I don’t know if these little dome reinforcements have something to do with the sound, or they are a mere structural reinforcement. I’ve read in Meltrope adverts (Gramophone) that these soundboxes had a patented spider. I’ve not found any spider. I don’t think this could refer to the little dome reinforcements; they are very small and only cover the small central dome of the diaphragm.
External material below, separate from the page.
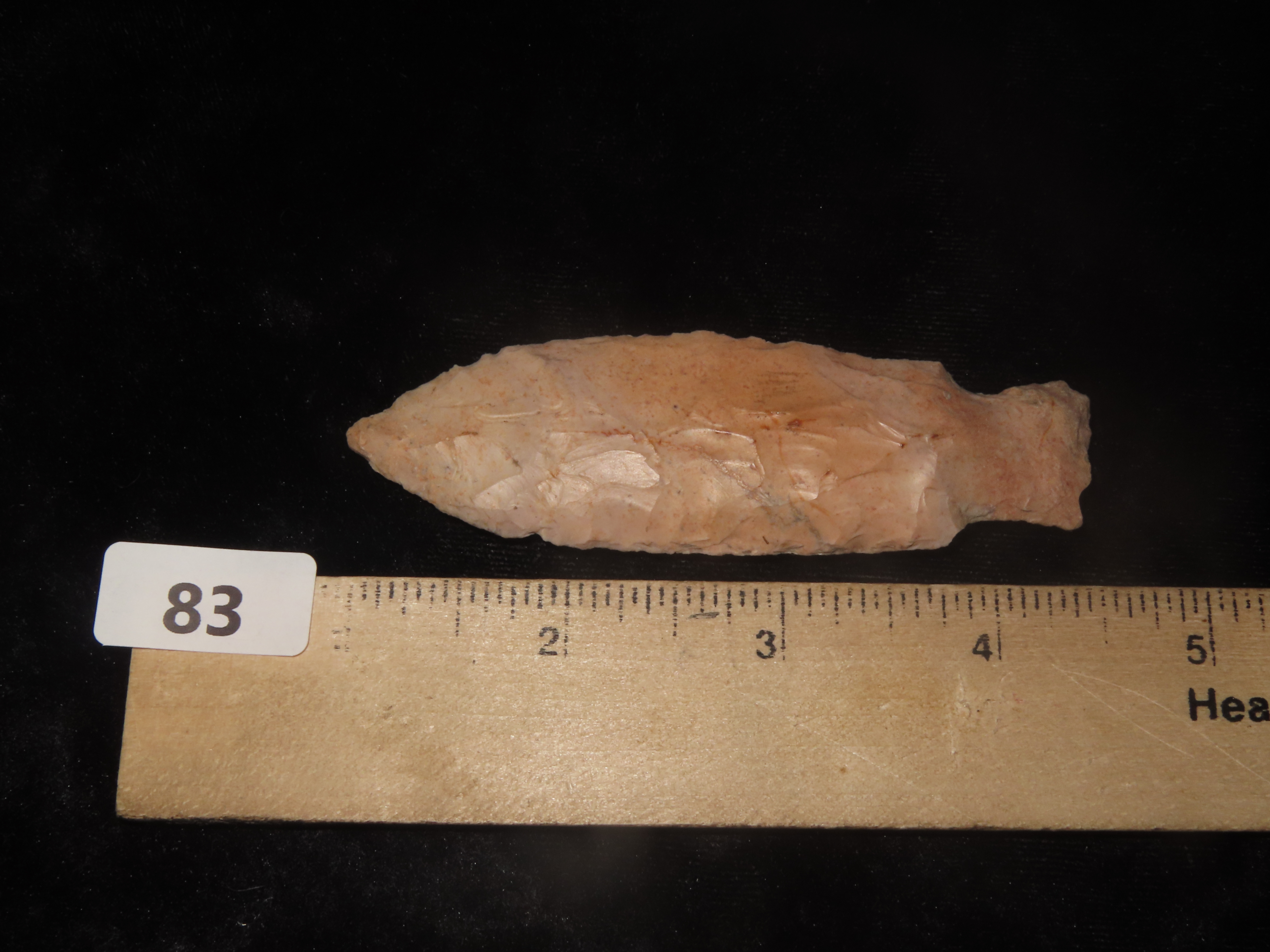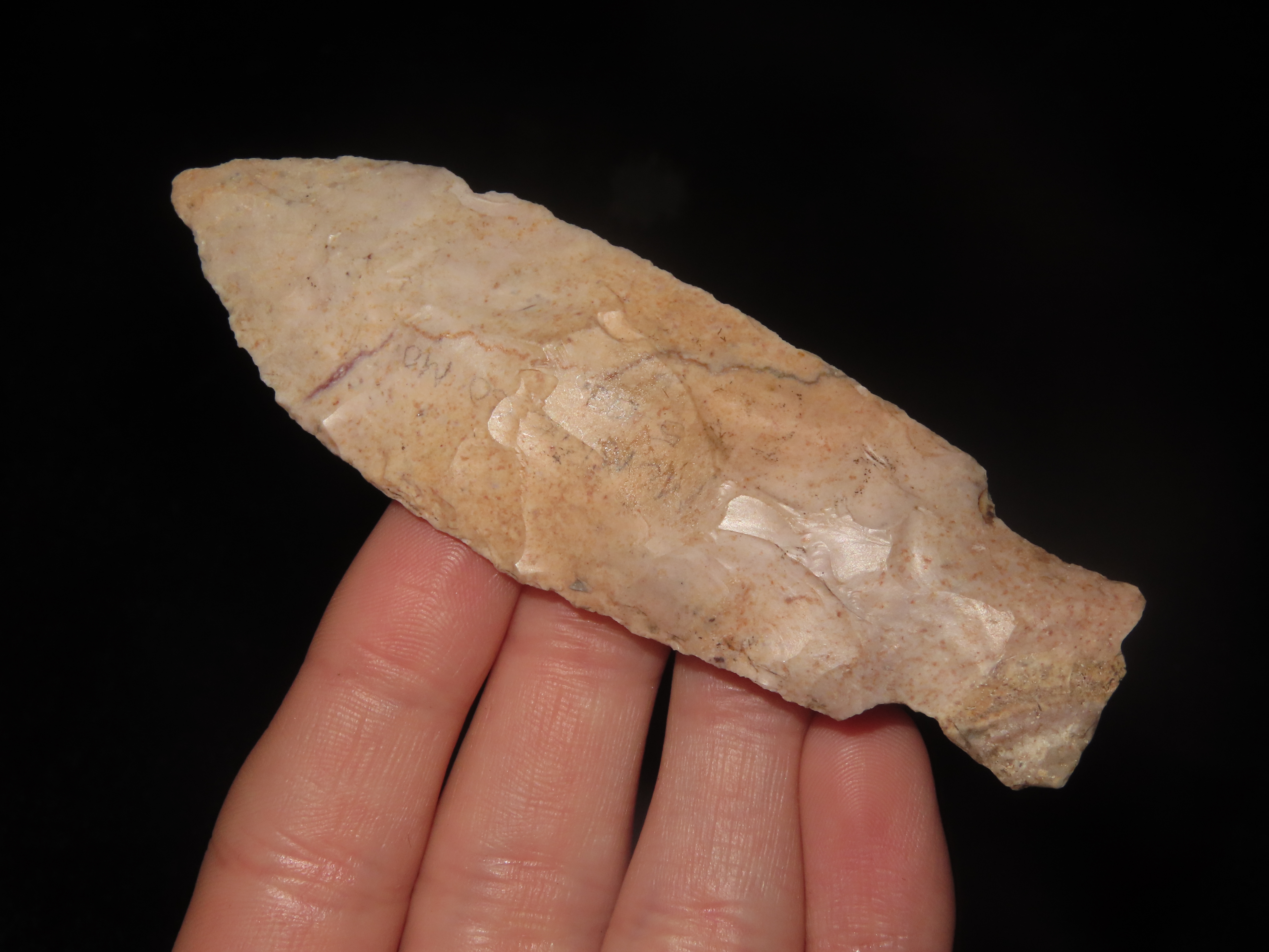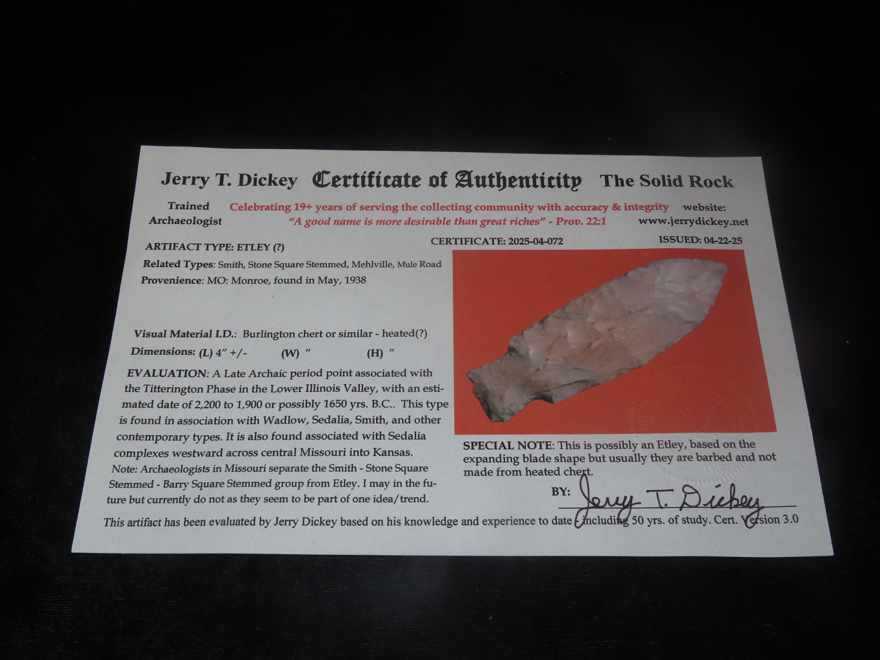 4″ Etley, Burlington chert (heated), Jerry Dickey COA, Found in May 1938, Found in Monroe Co., MO

An orthophonic spider carries the needlebar vibration to an intermediate ridge in the diaphragm (at ½ of radius). The Bettini diaphragms had an arrangement of stiff bars carrying the vibrations to several points around the centre of the diaphragm. This is the same principle of the orthophonic spider, but a small dome in the centre...?

Anyway, I reassembled the diaphragm on the soundbox, well centred, etc., using the new rubber tubing, adding some vaseline to make it all slippery and easier to adjust. I added the small bearing balls and adjusted the cover.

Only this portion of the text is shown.